As part of NIH’s Wednesday Afternoon Lecture Series, the Director’s Lectures feature leading researchers from around the globe. Nominated by scientists and interest groups throughout NIH, the NIH Director specifically approves these annual lectures. There are approximately three NIH Director’s Lectures per year.

The molecular logic of synapse formation in the brain

May 4, 2017 -
3:00pm to 4:00pm
Thomas Christian Südhof, M.D. , Stanford School of Medicine

Thomas Südhof is interested in how synapses form and function in the developing and adult brain.

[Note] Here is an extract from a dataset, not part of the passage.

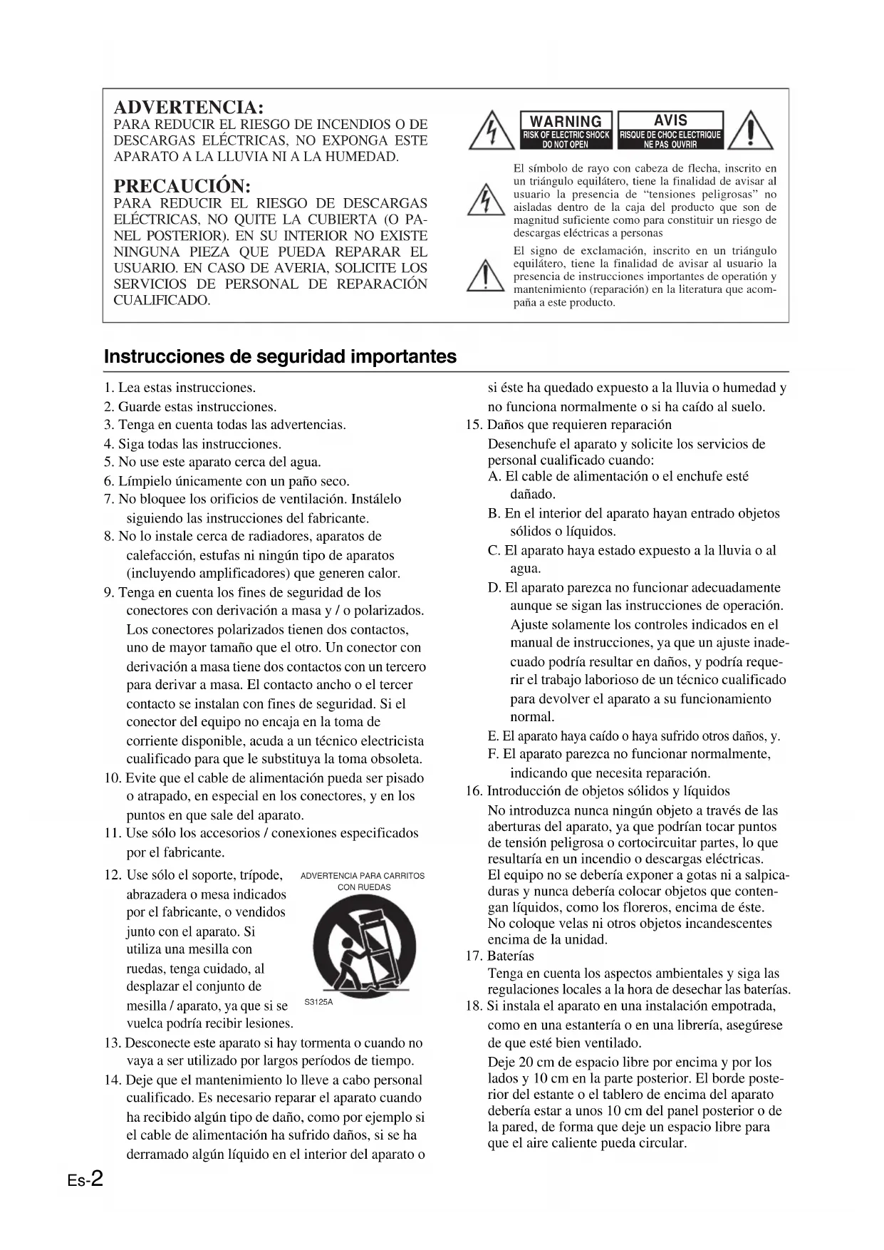 CON RUEDAS S3125AEs-3 Precauciones 1. Copyright de las grabaciones—A menos que se utilice de forma exclusivamente personal, la grabación de material sujeto a copyright es ilegal sin el permiso del propietario del copyright.2. Fusible de CA—El fusible de CA se encuentra en el interior de la unidad y no es un elemento accesible al usuario. Si todavía no puede activar la unidad, póngase en contacto con su distribuidor Onkyo.3. Mantenimiento—De vez en cuando limpie esta unidad con un paño suave. Para la suciedad más difícil de eliminar, use un paño suave ligeramente humedecido con una solución de agua y detergente suave. A continuación, seque la unidad inmediatamente con un paño limpio. No use paños abrasivos, alcohol, ni disolventes químicos de ningún tipo ya que con ellos podría dañar el acabado de la unidad e incluso borrar la serigrafía del panel.4. AlimentaciónATENCIÓNANTES DE CONECTAR LA UNIDAD POR PRIMERA VEZ, LEA CON ATENCIÓN LA SECCIÓN SIGUIENTE.Los voltajes de las tomas de CA varían para cada país. Compruebe que el voltaje de su zona cumpla con los requisitos de voltaje indicados en la etiqueta de características que se encuentra en el panel posterior de esta unidad (por ejemplo, AC 230 V, 50 Hz o AC 120 V, 60 Hz).El cable de alimentación se utiliza para desconectar esta unidad de la fuente de alimentación de CA. Asegúrese de que el conector esté siempre operativo (fácilmente accesible).Al pulsar el botón [ON/STANDBY] para seleccionar el modo Standby, el equipo no se desactiva completamente. Si no tiene previsto utilizar la unidad durante un periodo de tiempo prolongado, desconecte el cable de alimentación de la toma CA.5. Evitar pérdidas auditivas PrecauciónUna presión de sonido excesiva de los auriculares de botón y de los auriculares de cabeza puede causar pérdidas auditivas.6. Baterías y exposición al calor AvisoLas baterías (paquete de baterías o baterías instaladas) no deben exponerse a un calor excesivo como los rayos del sol, fuego o similar.7. Nunca toque esta unidad con las manos húmedas—Nunca utilice esta unidad ni su cable de alimentación si tiene las manos húmedas o mojadas. Si penetra agua o algún otro líquido en el interior de esta unidad, hágalo revisar por su distribuidor Onkyo.8. Notas acerca del manejo de la unidad• Si tiene que transportar esta unidad, use el emba-laje original para empaquetarlo de la misma forma en que estaba empaquetado originalmente al adquirirlo.• No deje por mucho tiempo objetos de plástico o goma sobre esta unidad ya que, con el tiempo, podrían dejar marcas en la superficie.• Después de un uso prolongado, es posible que los paneles superior y posterior de esta unidad se calienten. Esto es normal.• Si no va a usar esta unidad por un largo período de tiempo, es posible que al activarla de nuevo no funcione correctamente, por lo que es aconsejable que la utilice de vez en cuando. Para los modelos europeos Declaración de Conformidad Nosotros, de ONKYO EUROPE ELECTRONICS GmbH LIEGNITZERSTRASSE 6, 82194 GROEBENZELL, ALEMANIAGROEBENZELL, ALEMANIAONKYO EUROPE ELECTRONICS GmbHdeclaramos, bajo nuestra propia responsabilidad, que el producto de ONKYO que se describe en el presente manual de instrucciones cumple con las normas técnicas EN60065, EN55013, EN55020 y EN61000-3-2, -3-3.K. MIYAGIEs-4 Accesorios suministrados Asegúrese de que dispone de los siguientes accesorios:

His work focuses on the role of synaptic cell-adhesion molecules in establishing synapses and shaping their properties, on pre- and postsynaptic mechanisms of membrane traffic, and on impairments in synapse formation and synaptic function in neuropsychiatric and neurodegenerative disorders.

Adventures in brain plasticity: from memory palaces to soulcycle

December 7, 2016 -
3:00pm to 4:00pm
Wendy A. Suzuki, Ph.D., New York University

Suzuki’s lab studies the patterns of electrical activity in the brain that underlie our ability to form and retain new long-term memories as well as the effects of physical aerobic exercise to improve a wide of cognitive functions including mood, memory, and attention.

Engineering T cells: moving beyond leukemia

September 28, 2016 -
3:00pm to 4:00pm
Carl June, M.D. , University of Pennsylvania

It is now well established that the immune system can control and eliminate cancer cells. Adoptive T-cell transfer has the potential to overcome the significant limitations associated with vaccine-based strategies in patients who are often immune compromised. Dr. June will discuss how the emerging discipline of synthetic biology—which combines elements of genetic engineering and molecular biology to create new biological structures with enhanced functionalities—can be applied to cancer.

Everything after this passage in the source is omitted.